Resolutions to Labour conference: free movement, right to strike, nationalise the banks

The Clarion is promoting the following contemporary resolutions for CLPs to send to the 2017 Labour Party conference. Please note that all these motions have been updated since earlier drafts. For how these motions work and how to submit them, see here. CLPs have until 14 September to submit.

These issues are our priorities, but we are also promoting other left-wing motions produced by various organisations and individuals. If there is a topic you want to submit a motion on not covered here, get in touch:



Conference notes the free movement debate. On 16 August the Government’s Northern Ireland position paper showed difficulties in restricting free movement in Northern Ireland. On 24 August, ONS reported EU migration had fallen by 51,000. On 26 August, Labour proposed a transitional Brexit deal, including free movement.

Stagnating wages, crumbling services and the housing crisis were caused by government and employers making the rich richer at working people’s expense – not immigration.

We need massive public funding to ensure good jobs, homes, services and benefits for all; scrapping of anti-union laws and stronger rights so workers can push up wages and conditions; and communities uniting across divisions to win changes.

Labour is the party of all workers, regardless of where they were born. We note many struggles where migrants have been central to improving low-paid workers’ wages and rights, like the recent victorious cleaners’ campaign at LSE.

Free movement benefits all workers. Without it, migrants are more vulnerable to hyper-exploitation, making downward pressure on wages more likely. Limiting it would damage the economy and hit living standards.

Britain and the EU should welcome migration across Europe and from beyond.

In government, we should maintain and extend free movement; scrap the net migration target; strengthen refugee rights; dismantle the brutal anti-migrant regime built over decades; abolish immigration detention centres; ensure the right to family reunion; end use of “no recourse to public funds”; end use of landlords and health workers as border guards; and reverse attacks on migrants’ access to the NHS.

(250 words)

[This resolution was written by the Labour Campaign for Free Movement.]



Conference notes that on 18 August the Bakers, Food and Allied Workers’ Union announced Britain’s first ever McDonald’s strike, on 4 September in Cambridge and Crayford – demanding £10ph, guaranteed secure hours and union recognition. This is a big deal.

On 4-5 August Picturehouse cinema workers (part of Cineworld) struck again in their year-long dispute to win the Living Wage, decent maternity and sick pay, and union recognition.

We note the recent victories against outsourcing and casualisation won by cleaners at LSE and SOAS.

Labour wholeheartedly supports workers’ struggles. Our manifesto rightly said: “the most effective way to maintain good rights at work is collectively through a union”. Strong unions, freed from legal shackles and bolstered by positive legal rights, will be key to tackling poverty, insecurity and inequality, transforming society and creating an economy that works for the many, not the few.
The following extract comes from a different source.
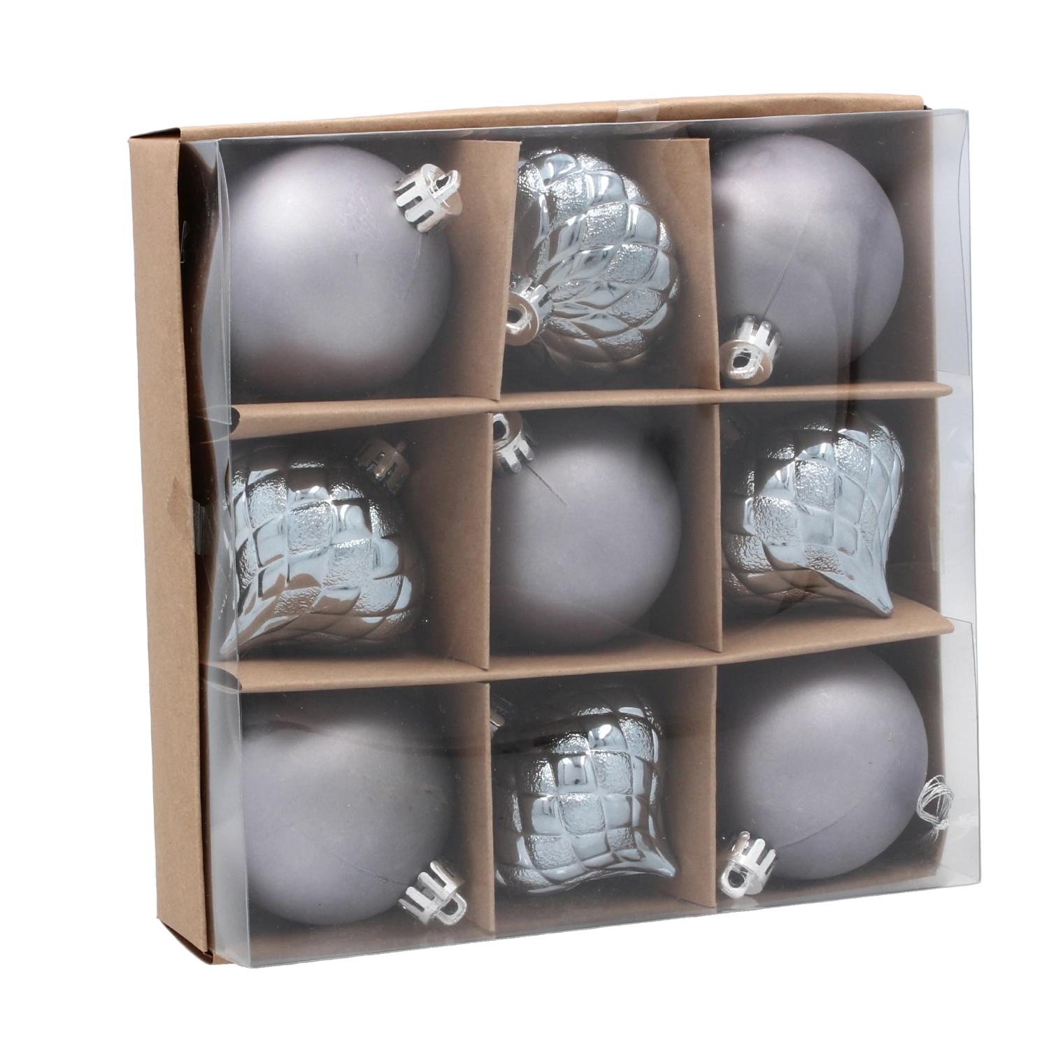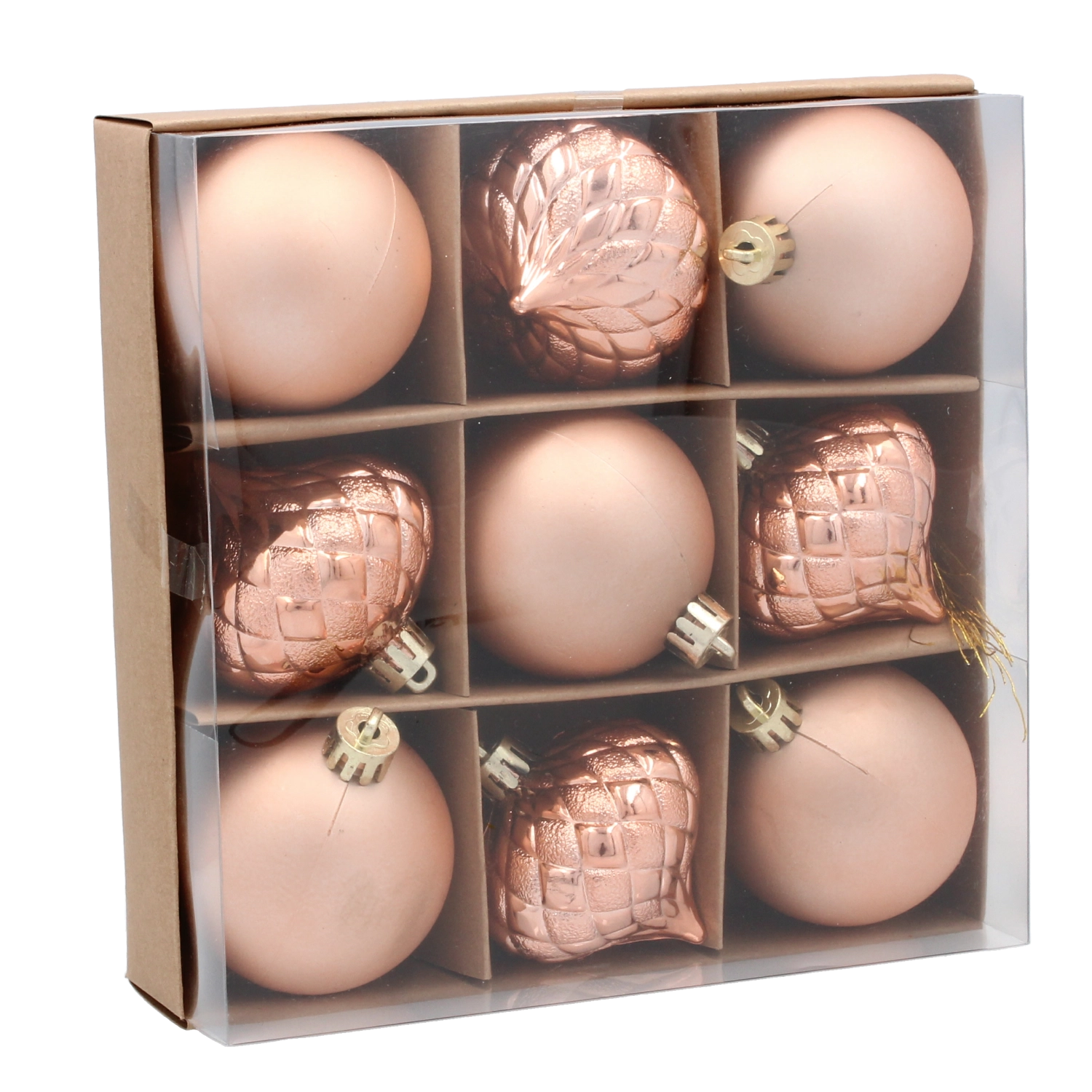Rôznorodé reliéfne a hladké vzory dodajú dekoru hĺbku a iskru, takže stromček pôsobí plnšie a štýlovejšie bez potreby ďalších doplnkov.

For unions to be effective, workers need an effective right to strike. We note that conference 2015 voted unanimously to “legislate for strong rights to unionise, win recognition and collective bargaining, strike, picket and take solidarity action”.

Labour will
• Support all workers standing up for their rights.
• Integrate campaigns for policies like £10ph and scrapping zero hours contracts with supporting strikes and workers’ struggles.
• Scrap all anti-union laws and introduce a strong legal charter of workers’ rights – to unionise; win recognition and collective bargaining; strike, for purposes of workers’ own choosing including in solidarity with other workers and for political goals; and picket freely.

(246 words)



Conference notes that on August 9, 2007, BNP Paribas froze three of its funds due to “the complete evaporation of liquidity in certain market segments”: it is now a decade since the banks sparked a global economic crisis.

Despite the £850bn bailout and public guarantee of the UK banking sector, we are alarmed to note that on 3 August 2017, the governor of the Bank of England warned of the dangers of the UK returning to the “light touch” banking regulation that contributed to the post-2007 financial crisis.

We note the 21 August announcement from consumer group Which? that bank branches are shutting at a rate of ten a day.

Since the credit crunch bankers’ bonuses have totalled £128bn, while virtually all working people have suffered austerity. The situation is already intolerable. Another banking crisis would have dire consequences.

We can have no confidence in a private banking sector subject only to “regulatory oversight”. Democratic public ownership is imperative in order to guarantee economic security. We can’t control what we don’t own.

We therefore applaud and adopt the TUC’s policy to nationalise the banks and create a “publicly owned banking service, democratically and accountably managed… [to] play a central role in building a sustainable economy, investing in transport, green industries, housing, creating jobs and assisting recovery in the interests of working people”.

Conference resolves specifically that the next Labour government will bring the largest retail, commercial and investment banks into 100% democratic public ownership, with compensation only for small shareholders.